Gabriel Garcia Marquez: 5 Things To Know About Colombian Writer & Today’s Google Doodle

Posted on Mar 7 2018 - 4:34am by admin

On what would have been his 91st birthday, Gabriel Garcia Marquez is being honored as the Google Doodle on March 6, 2018. Here’s everything to know about him.

1. The early years. For the first several years of his life, Gabriel Garcia Marquez was raised by his maternal grandparents. Both grandparents were avid storytellers and are said to have an influence on his future career as a writer. As a preteen, Gabriel began writing poems, and by the time he got to high school, he started having his work published in the school magazine. He went on to study law at the Universidad Nacional de Colombia, and started itching to become a writer. He began a career as a journalist while at law school, writing for local newspapers. He also critiqued films as part of his journalism career.

2. Gabriel’s big break. Gabriel published his first novella, Leaf Storm, in 1955. The story he really wanted to write, though, was based on the home he grew up in with his grandparents. After 18 straight months of writing, he published One Hundred Years Of Solitude in 1967 and it became his most successful novel. He went on to publish a dictator novel, challenging the role of the dictator in Latin American society, called Autumn of the Patriarch, in 1975. Gabriel published several more books after that, along with various screenplays.

3. He was widely recognized for his work. Gabriel was awarded the Nobel Prize in Literature in 1982 for “his novels and short stories, in which the fantastic and the realistic are combined in a richly composed world of imagination, reflecting a continent’s life and conflicts.” He was also given the Romulo Gallegos Prize in 1972. Much of his recognition came from the success of One Hundred Years Of Solitude.

gabriel garcia marquez

4. Work in politics. Gabriel was very passionate about politics, and formed friendships with many powerful leaders, like Fidel Castro, after his gaining notoriety as a writer. He even acted as a facilitator between the Colombian Government and guerilla groups fighting against it.

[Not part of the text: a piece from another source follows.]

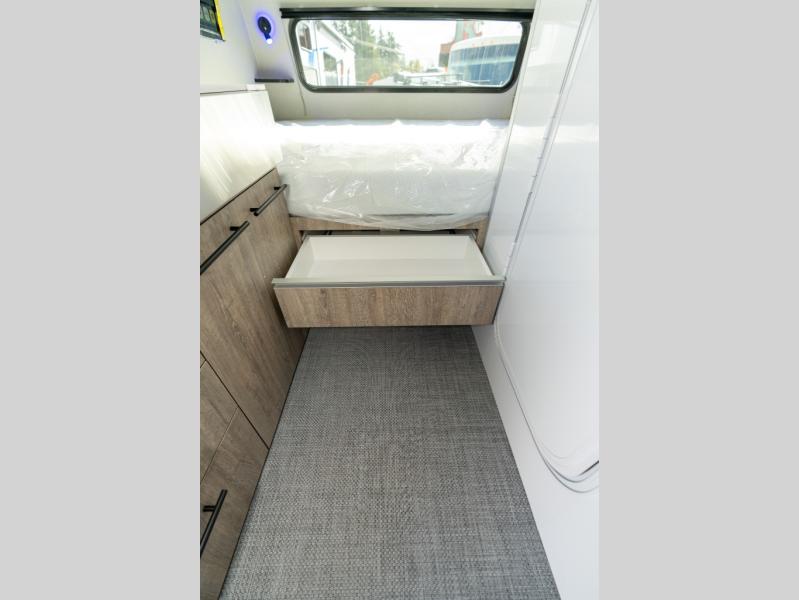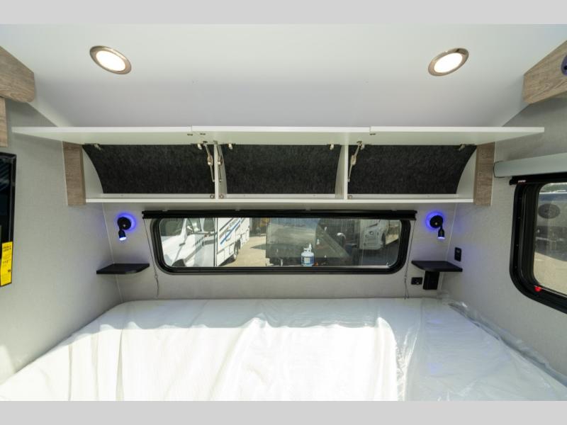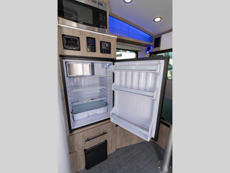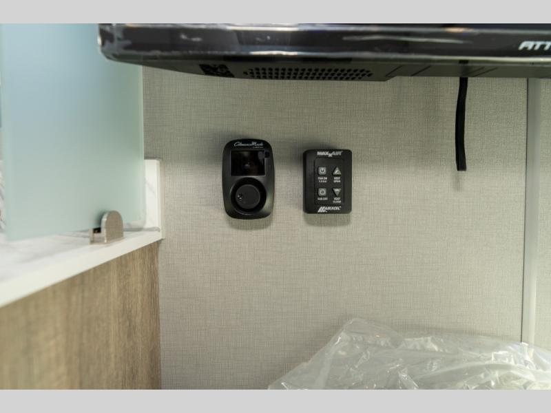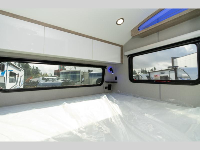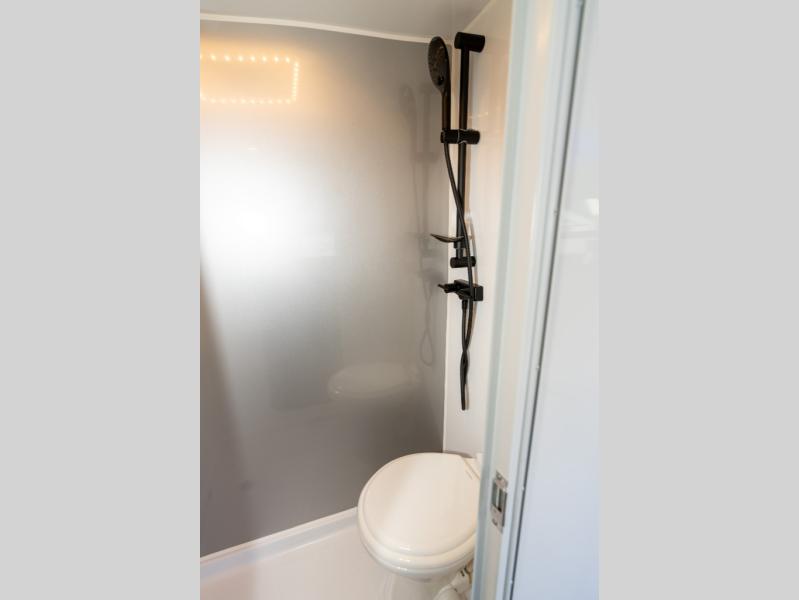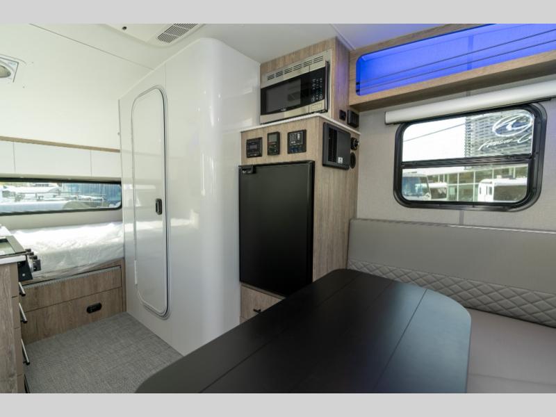 With any Sol travel trailer by inTech RV you will find strong, durable construction consisting of lightweight aluminum that is easier to tow and resists rust, water, and dents. The Tilt-Forward Design creates more space inside so you can stretch out, and the panoramic windshield gives a great view of the mountains, ocean, or forest! The elegant interior features tinted windows with shades, Infinity woven flooring, and a stainless steel cooktop and microwave. You will stay comfortable year around since these models include a 15K BTU A/C and a 16K BTU furnace. When the optional Rover Package is chosen on this model, you'll enjoy rugged decals, a 3" lift, blackout wheels, and more; see dealer for more details!

5. Personal life. Gabriel married Mercedes Barcha in 1958. Their son, Rodrigo Garcia, was born the next year. He went on to become a director. Their son, Gonzalo, who went on to become a graphic designer, was born three years after that. Gabriel was diagnosed with lymphatic cancer in 1999, and started writing his memoirs after going into remission. It was revealed in 2012 that he was suffering from dementia. He became very ill in April 2014 and was hospitalized in Mexico. He died of pneumonia at 87 years old later that month.